I have been having pretty good success with Qwen 3.5 9B for "nontrivial but not challenging work all things considered" -- it runs great on my 24gb unified memory m4 pro MacBook Pro. What do the baseline specs look like Mac-wise for getting this model to run? Am I looking at a 96gb? 128? 256?
I posted this elsewhere, but Unsloth says the 27B model should run in 18GB. That leaves little RAM for other tasks, but it depends on your tolerance for slowness I suppose. I haven’t tried it in 24GB so report back if you do.
https://unsloth.ai/docs/models/qwen3.6
You might be interested in Ornith 1.0 9B, which is a new intriguing post-training of Qwen 3.5 9B.
Qwen 3.6 27B will run in full offload with a 4-bit quantisation in 64GB on an M1 Max. It is quite slow.
I don't know about 48GB but 64GB should be enough.

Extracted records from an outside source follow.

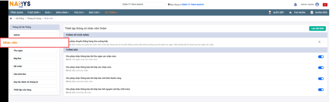 Thiết lập thông số cho (NHÂN VIÊN) order.
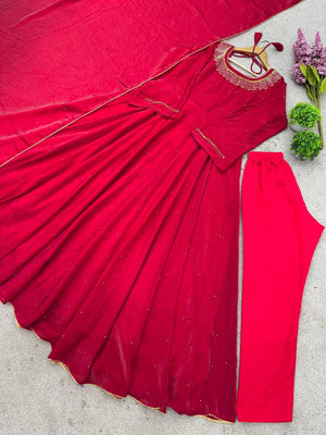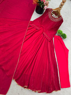 Wonderful Fully Stitched Pink Color Moti Work Long Gown
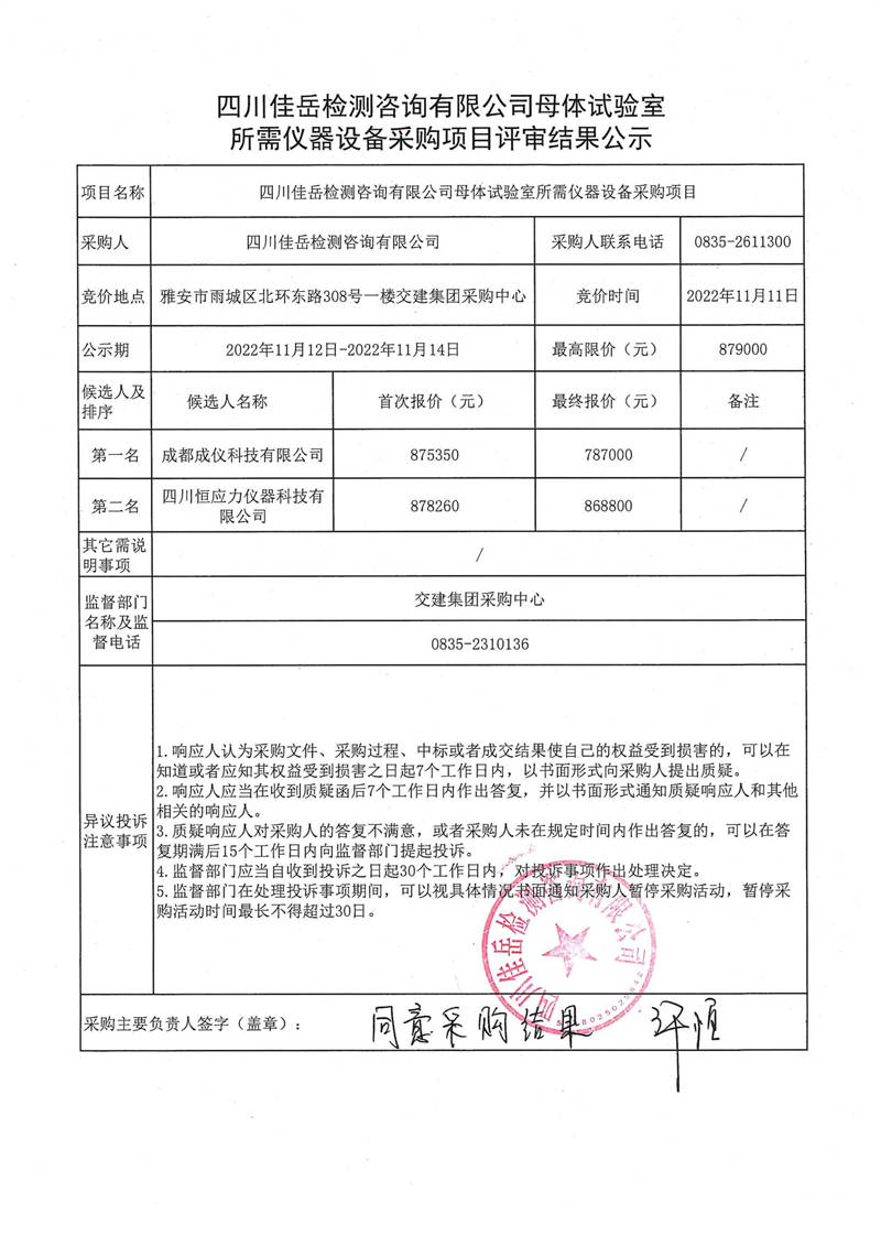 四川佳岳檢測(cè)咨詢有限公司母體試驗(yàn)室所需儀器設(shè)備采購項(xiàng)目評(píng)審結(jié)果公示
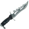 A fixed-blade knife with a pakkawood handle comes with a sheath.
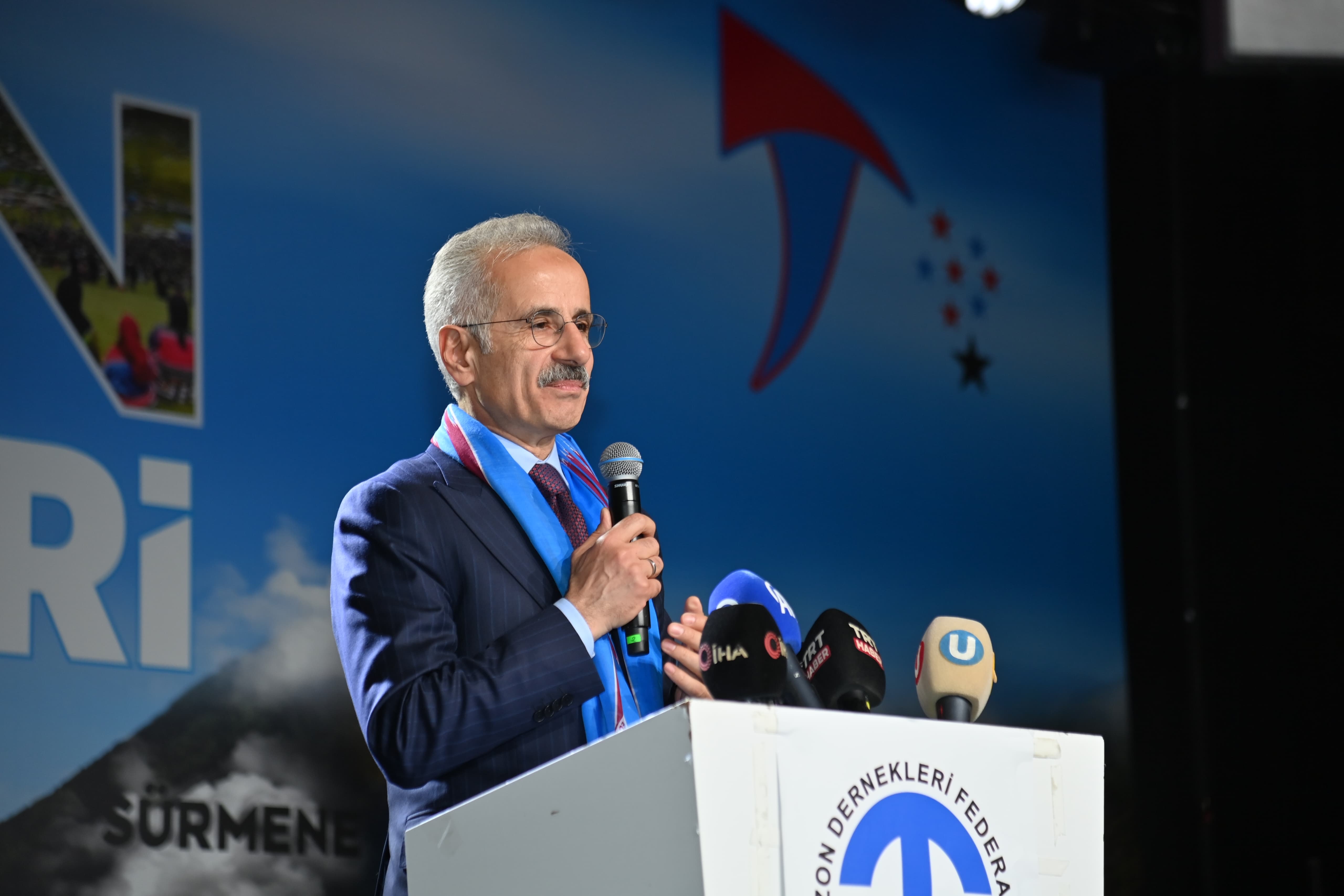 Ulaştırma ve Altyapı Bakanı Abdulkadir Uraloğlu, “Trabzon, sadece bir şehir değil; bir ruhtur, bir sevdadır, bir duruştur. Tarih boyunca vatan sevgisinin, cesaretin ve fedakarlığın sembolü olmuştur. Gazi Mustafa Kemal Atatürk’ün “Trabzon, fedakarlığın adıdır” dediği bu eşsiz ruh, 101 yıl sonra İstiklal Madalyası ile taçlandırılmıştır. Geçen yıl Meclis Başkanımız Sayın Numan Kurtulmuş ve Milli Savunma Bakanımız Sayın Yaşar Güler’in katılımıyla gerçekleşen tören, hepimizin göğsünü kabartmıştır. Bu madalya, yalnızca bir loncaya değil, topyekun Trabzon halkının vatanperverliğine adanmıştır. Bu gurur hepimizin gururudur. “Doğduğun yer değil, doyduğun yer” derler ya… Biz doyduğumuz yerde de doğduğumuz yeri hiç unutmadık. Trabzon’u tanıttık, Trabzonluyu sevdirdik. Nerede olursak olalım, içimizde bitmeyen bir Karadeniz inadı, bir memleket özlemi taşıdık. Trabzon’umuzu daha güçlü ve refah dolu bir geleceğe taşımak için çalıştık. Bu ruhla, Cumhurbaşkanımız Sayın Recep Tayyip Erdoğan’ın liderliğinde, Trabzon’umuzda ulaşım ve iletişim alanında birçok hizmeti hayata geçirdik. Avrupa’nın en uzun çift tüplü karayolu tüneli Zigana Tüneli’ni inşa ettik. Şehir içi trafiğine nefes aldıracak Kanuni Bulvarı’nda sona yaklaştık. Trabzon Güney Çevre Yolu’muzu da iki kesim halinde hayata geçiriyoruz. Birinci etabında çalışmalar tüm hızıyla sürüyor. Hem şehrimizi modern bir kent içi raylı sistemle donatacak hem de hızlı tren ile tanıştıracak dev projelerimiz, Sayın Cumhurbaşkanımızın vizyonuyla hayata geçiyor. Trabzon ile Samsun arasını 2 saate düşürecek Samsun-Trabzon-Sarp hızlı tren demiryolu projemiz ile Samsun’dan itibaren; Ordu, Giresun, Trabzon, Rize ve Artvin olmak üzere tüm kentlerimizi birbirine bağlamış olacağız. Yapım çalışmalarına da Kırıkkale-Çorum arasında başladık. Bu sene devamını da ihale edeceğiz. Trabzon Büyükşehir Belediyemizle birlikte hayata geçirdiğimiz Trabzon Hafif Raylı Sistem Hattımızın Akyazı-Havalimanı arasındaki 16,2 km uzunluğundaki 1.etabınının yapım ihalesine de önümüzdeki günlerde çıkacak ve inşa çalışmalarımıza başlayacağız. Yeni Trabzon Havalimanı'nı da 10 milyon yolcu kapasiteli terminal binası ve 3 bin metrelik pistiyle büyük gövdeli uçakların inebileceği şekilde tasarladık. Şimdi yeni projemiz kapsamında mevcut pistten biraz daha kuzeye denizde yeni havalimanımızı inşa edeceğiz. Yatırım programına aldık, ihalesini yaptık, yer teslimi yaptık. Yakın zamanda temeli atıp yapım çalışmalarına başlayacağız. Trabzon kalkınırsa Karadeniz yükselir, Karadeniz yükselirse Türkiye güçlenir” dedi.
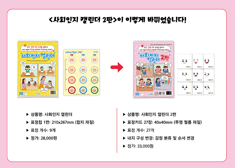 <사회인지 캘린더 2판>은 '사회인지 캘린더'의 리뉴얼 버전입니다. 생각, 감정 유추 능력을 길러주고 다른 사람의 의도를 분명하게 파악하도록 도와주는 도구입니다.
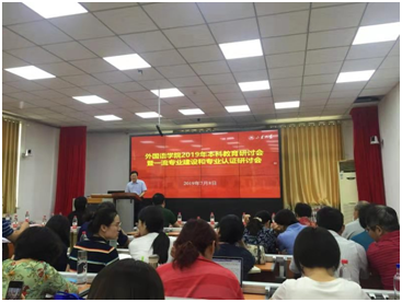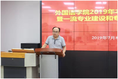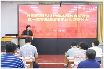 7月8日下午,15vip太阳集团在洪家楼校区举行2019年本科教育研讨会暨一流专业建设和专业认证研讨会。原天津外国语大学副校长王铭玉教授、本科生院院长刘传勇应邀出席会议并讲话。学院党委书记、院长王俊菊、党委常务副书记薛佩军出席会议。学院其他班子成员、院教指委委员,校院督导员、学院各系(部)主任副主任及骨干教师相关科室负责人等约70人参会。副院长刘洪东主持会议。
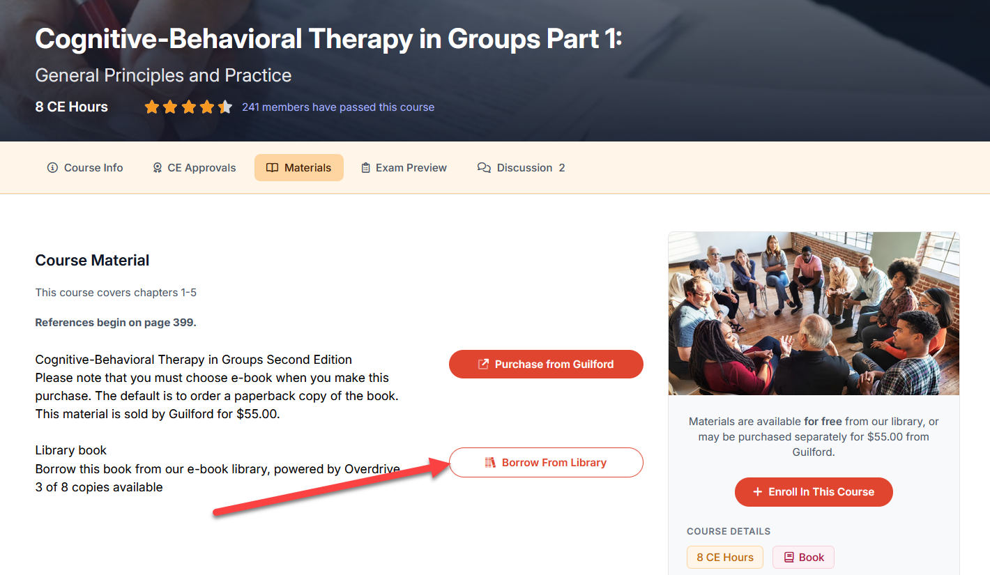 Annual Members of ImpactCE have access to our library of E-books powered by Overdrive! If a course has copies of the book available on Overdrive, you will see a listing in the "Materials" section of the course page with a button that says "Borrow From Library":
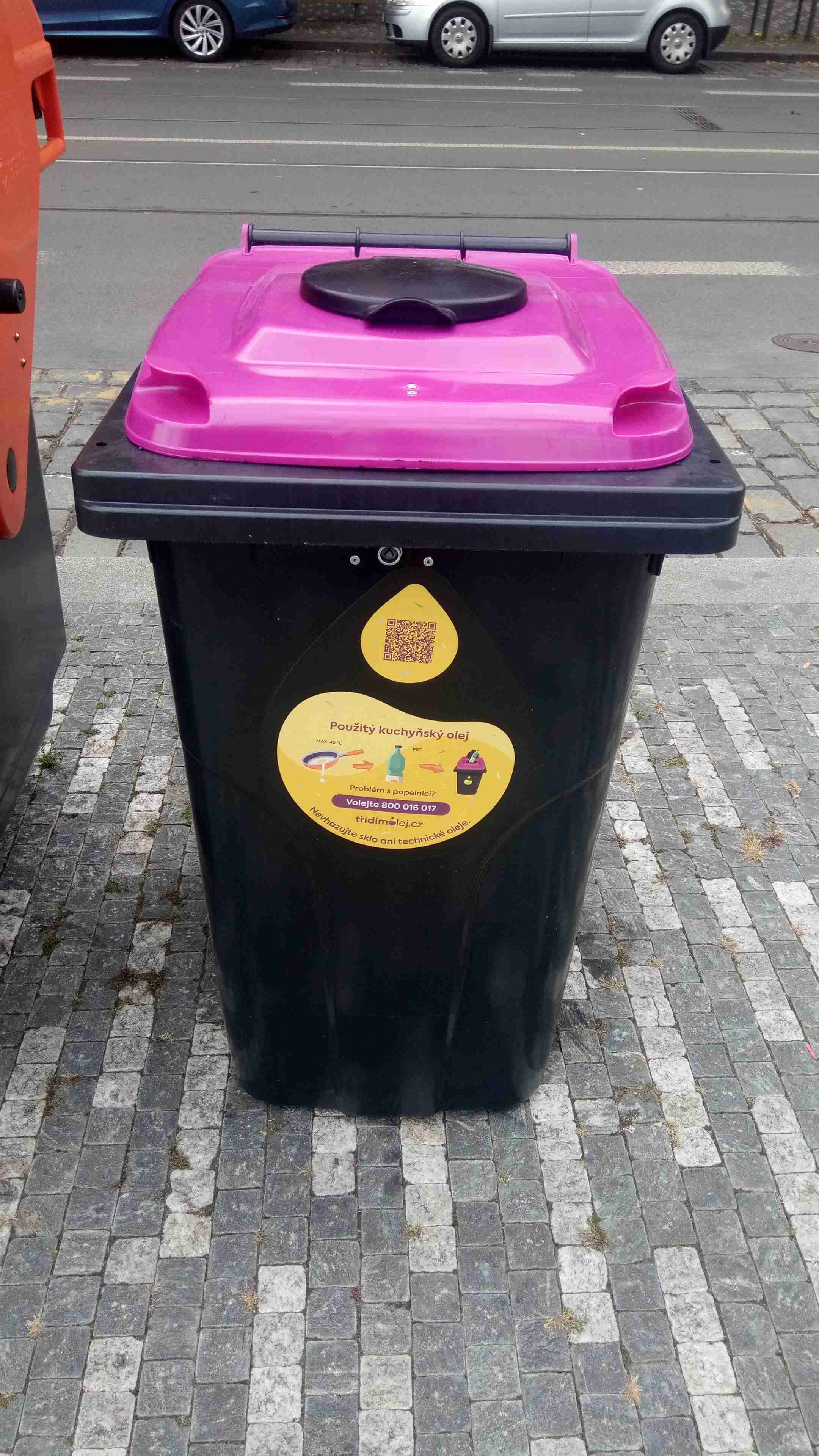 Svoz nádob probíhá jednou za dva týdny. Nádoba je černé barvy o velikosti 240 litrů s kruhovým vhozem ve víku fialové barvy. Bližší informace k třídění olejů jsou dostupné i zde: www.tridimolej.cz
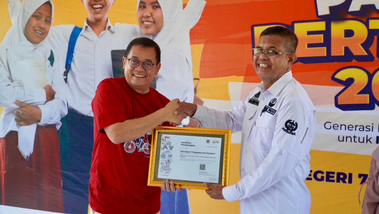 Sebagai bentuk apresiasi atas dukungan sekolah, Kanwil DJP Sulselbartra melalui Kepala Kanwil DJP Sulselbartra, YFR Hermiyana, menyerahkan Edutax Award kepada Kepala SMKN 7 Pangkep.
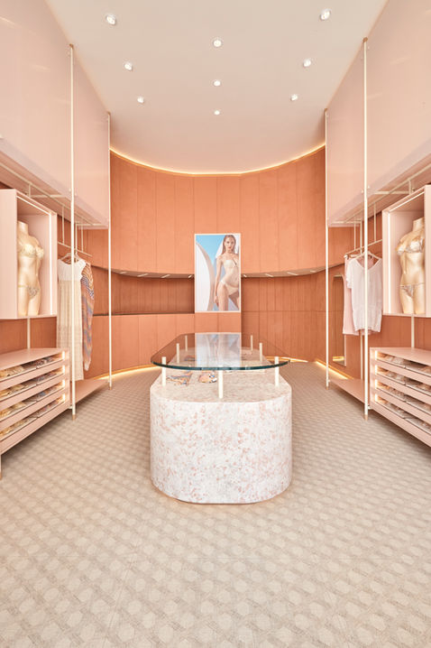 A Forte dei Marmi FORO Studio ha concepito lo spazio come uno scrigno prezioso. Il volume fruibile è caratterizzato da una quinta imbottita ad emiciclo, pensata per "abbracciare" gli avventori e offrire un ambiente intimo e invitante.

I've been trying Ornith 1.0 35B, I'm pretty impressed with it: https://simonwillison.net/2026/Jun/29/ornith/
It's the one I have loaded right now.
It got rather tangled up when I tried it with one of my coding tests, which is a simple wordpress plugin, but I frustrate the model by asking it to write code for older PHP, break WP coding conventions and use a rather bespoke method for arranging code in objects. So it is sort of a hybrid of a green field and brown field task; a bit muddy.
It did not do as well as Qwen 3.6 35B, but the way it worked through its thoughts was interesting.
TBH I struggled to understand what DeepReinforce are doing that is materially different; the explanation of their training technique goes over my head at this point.
It is also available with Ollama now and I am equally impressed too.
Thanks! I was thinking of doing the 128gb to have some future proofing. I figure at this point, it's akin to a mechanic keeping great tools around, when it comes to having this sort of homelab and exposing it for your own uses. And great practice for building the next era of user facing computing that will be around as this proliferates.
I would not buy a 64GB model again, probably, if this were to remain particularly important to me. But I gather memory bandwidth is pretty important here.
So for example I'd favour a used M1 Max over a used M2 Pro, at least based on my naïve understanding. Not quite sure where the balance changes.
There appear to be some hardware improvements with the M3 and up regarding the Apple Neural Engine which I'd hope would show up in MLX performance; I remember seeing some optimisations in image generation models that are only possible on later hardware.
The GPU cores are progressively better I believe, but the memory bandwidth is lower. Though perhaps the M4 can get closer to actually saturating said bandwidth.
(And I must reiterate that my understanding of this stuff is pretty naïve.)
Used M1 max is still a good choice because its memory bandwidth only got surpassed by generation m4 and later (except with ultra variants which are more expensive). Its prefill speed is not great though, and that is an issue for running larger contexts, which only substantially improved with m5. Moreover, up to m3 they only have thunderbolt 4, not 5, which means that they lack RDMA support which would make stacking machines more effective. So unless you go higher price for m4+ max, or any m ultra, m1 max is pretty decent still compared to m2 and m3 max, definitely better than pro variants, if you can find in a decent price and want to experiment without caring much about time to first token and large contexts.
A very useful resource for characteristics and comparative performance of all M variants, if anybody is interested, is https://github.com/ggml-org/llama.cpp/discussions/4167?sort=...
Its sister discussion for nvidia gpus is https://github.com/ggml-org/llama.cpp/discussions/15013
Note the drop in performance for the base (binned) m3 max version. You are better off with full m1 max than the binned m3 max, even price aside.
The issue I have with my m1 max is that with 64gb you cannot run really decent MoE models, ie the ones you can run like qwen 35B-A3B have only 3b active parameters and are much less capable than qwen 27b in my testing. So I end up running the 27b one, but it runs relatively slow (though still usable at 10-20 tok/s) and I would have been better off a used nvidia gpu setup for dense models. I assume 35B-A3B has its use cases, eg as subagents, just that I cannot find them. With a higher amount of ram I could probably run bigger MoE models which could be more comparable, though prefill would still be an issue (and prob a bigger one). The only hopeful thing is that there are performance hacks appearing (speculative decoding and prefill) that seem to start improving inference speed once getting implemented, so I am mildly hopeful.
(I must also iterate that my understanding is not very deep either)
Good reply, those two links are v. useful and I had missed them.